Quest for New Drivers
As is seen, the three main spheres of India-Russia cooperation – defence, energy (especially, nuclear energy) and space, which is likely to be back on track – will no doubt underline the strategic nature of bilateral partnership. The only caveat is the capability of both sides to capitalise on their friendship.
The commercial benefits of the relationship remain limited. The long-lasting discussion on the necessity to infuse new energy in the bilateral ties is still relevant.
Moscow and New Delhi share a bunch of ideas on how to promote their strategic dialogue and bring in new avenues of economic cooperation. The two capitals would do well to create conditions for the private companies’ collaborations and industries-to-industries joint projects.
What will the Indo-Russian Business Summit scheduled to be held during President Putin’s visit bring is yet to be seen. Nonetheless, the two sides should realise that the ‘good words and no deeds’ kind of events will neither boost bilateral trade nor bring about interconnection of two economies.
Last year’s bilateral summit between Russia and India which took place in Saint-Petersburg, marked the two states’ ‘vision for the 21st Century’. For a year that passed since that meeting, Moscow and New Delhi have managed to move forward, though the progress is visible only in traditional spheres of cooperation.

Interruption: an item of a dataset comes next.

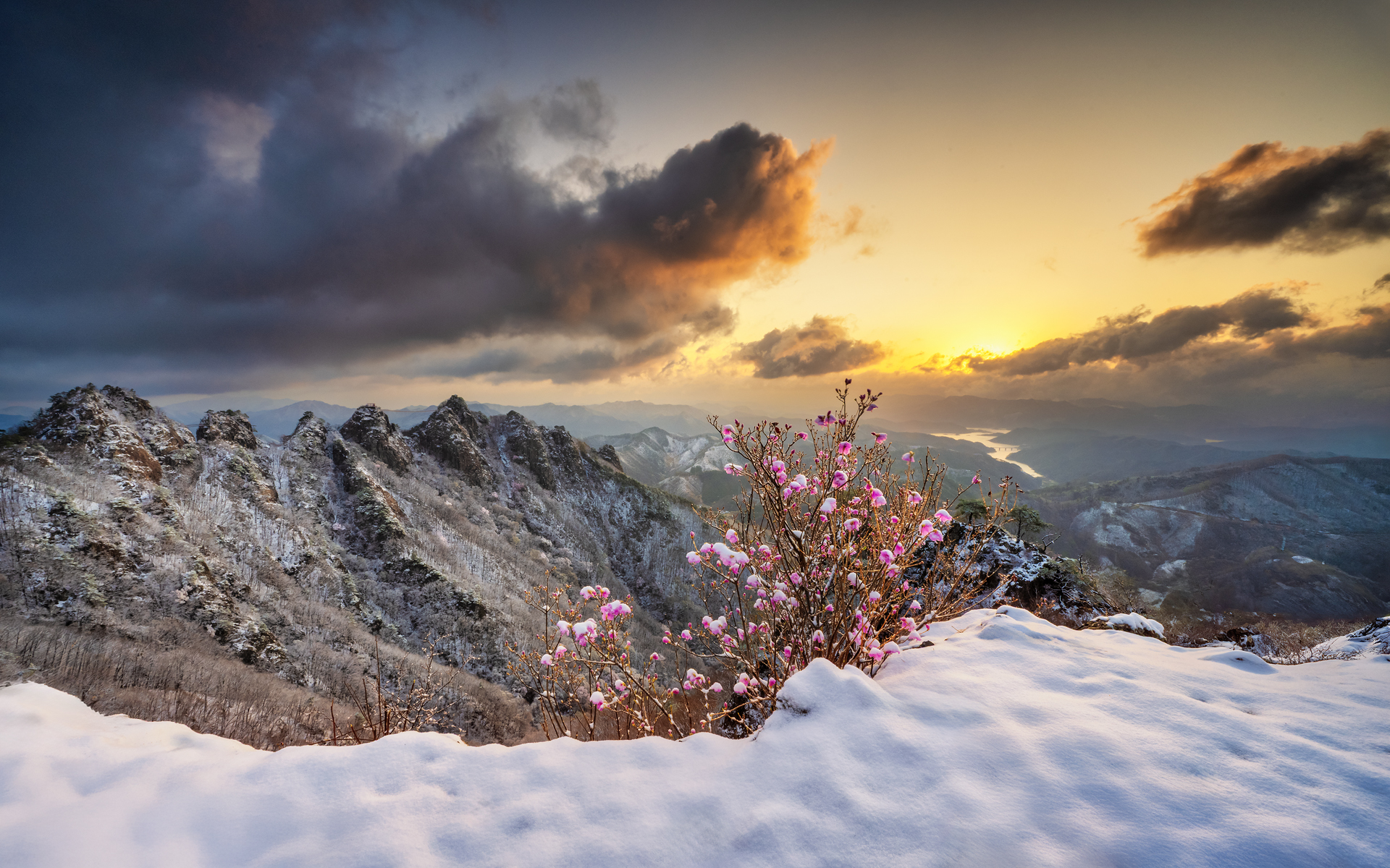 진달래가 한창피는 시기에 웬 눈이내려

There are still little-to-no success stories in much promising areas like IT, Artificial Intelligence, robotics, super-computing technologies and nanotechnology. These are the spheres which are to define the evolution of human life in the 21st Century. If the Indo-Russian relationship claims to be truly strategic, the quest for new drivers should be given higher priority on the bilateral agenda.
Anyway, since the end of the century is a long distance away, India and Russia can take their time to fully realise what was planned.
(The author, Aleksei Zakharov, is a visiting fellow at the New Delhi based Institute for Defence Studies & Analyses. This is an opinion piece and the views expressed above are the author’s own. The Quint neither endorses nor is responsible for the same.)